Net increase in cash, cash equivalents and restricted cash $ (15,125)

$ (5,295)

Net cash used in operating activities



Cash flows from operating activities in the three months ended March 31, 2022
decreased by $9.5 million to $(14.6) million from $(5.1) million during the same
period in 2021. The increase to net cash used in operating activities was
primarily attributable to a $8.8 million increase to net loss and an increase of
$2.2 million in non-cash adjustments to net loss.

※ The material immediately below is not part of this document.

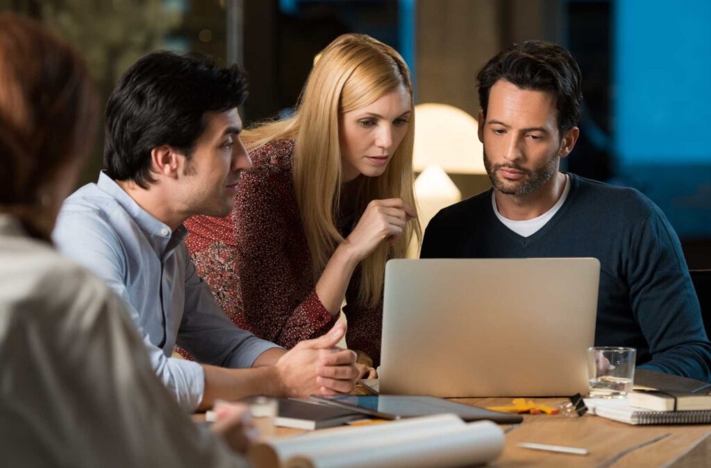 Team di persone lavorano insieme in ufficio davanti a un laptop. Crediti d’imposta Transizione 4.0

These non-cash items primarily
consisted of a $2.3 million increase of stock-based compensation expenses
associated with the RSUs and PSUs granted under the 2021 Plan since the second
quarter of fiscal 2021. Net cash used in operating activities also included an
increase of $3.0 million in cash from operating assets and liabilities,
primarily due to the timing of cash payments to vendors and cash receipts from
customers.

Net cash (used in) provided by investing activities



Cash flows from investing activities in the three months ended March 31, 2022
decreased by $1.4 million to $(0.3) million from $1.1 million during the same
period in 2021. Net cash used in investing activities in the first quarter of
fiscal 2022 was comprised of the purchases of debt securities of $1.5 million
and the purchases of property and equipment of $0.5 million, partially offset by
proceeds from sale of debt securities of $1.5 million and principal collected on
matured debt securities of $0.2 million.

Net cash used in financing activities



Cash flows from financing activities in the three months ended March 31, 2022
increased by $1.2 million to $(0.1) million from $(1.3) million during the same
period in 2021. The decrease to net cash used in financing activities was
primarily attributable to a decrease of $1.0 million in the repayment on loans
payable and a decrease of $0.1 million in the repayment on finance lease
obligations.


Critical Accounting Estimates



Management's discussion and analysis of our financial condition and results of
operations is based on our consolidated financial statements included in Part I,
Item 1 of this Quarterly Report, which have been prepared in accordance with
U.S. GAAP.

The preparation of these consolidated financial statements requires management
to make estimates and assumptions that affect the reported amounts of assets and
liabilities and disclosure of contingent assets and liabilities at the date of
the consolidated financial statements and the reported amounts of revenue and
expenses during the reporting periods. Significant items subject to such
estimates and assumptions include, but are not limited to, the determination of
the useful lives of long-lived assets, period of benefit of deferred sales
commissions, allowances for doubtful accounts, fair value of marketable
securities, fair value of goodwill and long-lived assets, fair value of
incentive awards, fair value of warrants, establishing standalone selling price,
valuation of deferred tax assets, income tax uncertainties and other
contingencies. Management periodically evaluates such estimates and they are
adjusted prospectively based upon such periodic evaluation. Actual results could
differ from those estimates, and such differences could be material to the
Company's consolidated financial position and results of operations, requiring
adjustment to these balances in future periods.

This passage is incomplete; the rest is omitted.